= EXERCISE DIRECTIONS =
When copying the listing below, skip every picture and repeat exactly the lines from the first one through the line that contains "Kiskunmajsa város önkormányzata".

= SOURCE DATA =
=== Section Start ===

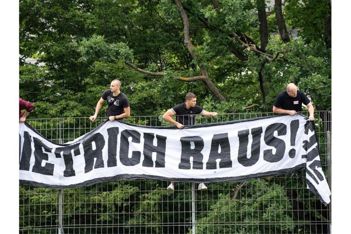 Stuttgarter Fans hängen im Robert-Schlienz-Stadion ein Transparent mit der Aufschrift "Dietrich raus!" auf. Foto: Wolfgang Dietrich/Archiv
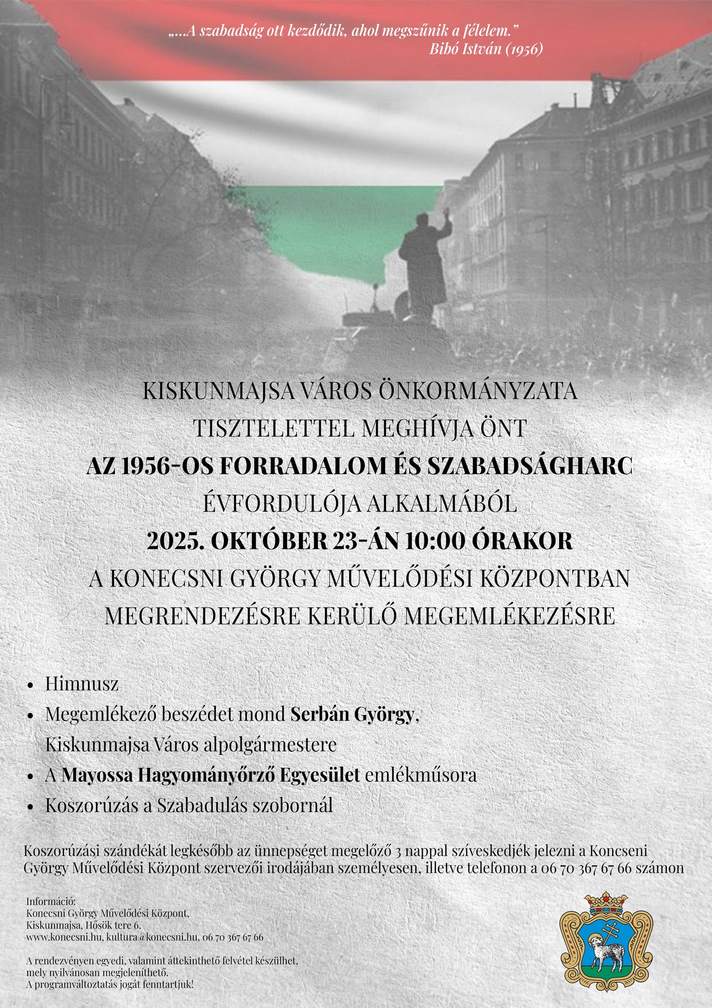 Kiskunmajsa város önkormányzata ünnepei megemlékezést tart az 1956-os forradalom és szabadságharc kitörésének 69. évfordulóján.
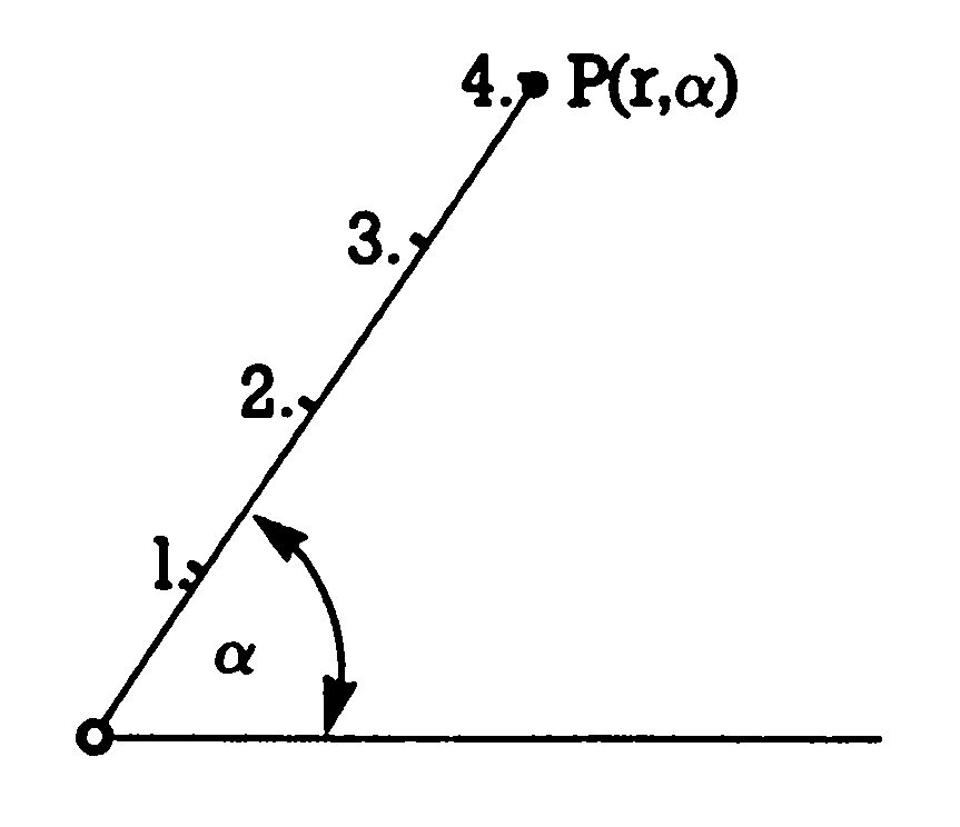 Den Ort von Punkten zu charakterisieren, ist im Prinzip noch auf vielerlei Weise möglich. So gibt es schiefwinklige Koordinatensysteme (siehe Bild 4) und manchmal verwendet man auch das sogenannte »polare« Koordinatensystem (siehe Bild 5). Hier werden die Länge des aus dem Ursprung kommenden Strahls und der Winkel, den dieser mit der Horizontalen bildet, zur Festlegung eines Ortes verwendet. Gebräuchlichstes Koordinatensystem allerdings ist das »kartesische«, angeblich benannt nach dem französischen Philosophen und Mathematiker Rene Descartes (von ihm stammt der berühmte Ausspruch »Ich denke, also bin ich«). Bild 6 zeigt ein kartesisches System, das durch die aufeinander senkrecht stehenden Achsen charakterisiert ist. Im allgemeinen verwendet man ein »rechtshändiges« System.

=== Section End ===

= THE ANSWER =
 Stuttgarter Fans hängen im Robert-Schlienz-Stadion ein Transparent mit der Aufschrift "Dietrich raus!" auf. Foto: Wolfgang Dietrich/Archiv
 Kiskunmajsa város önkormányzata ünnepei megemlékezést tart az 1956-os forradalom és szabadságharc kitörésének 69. évfordulóján.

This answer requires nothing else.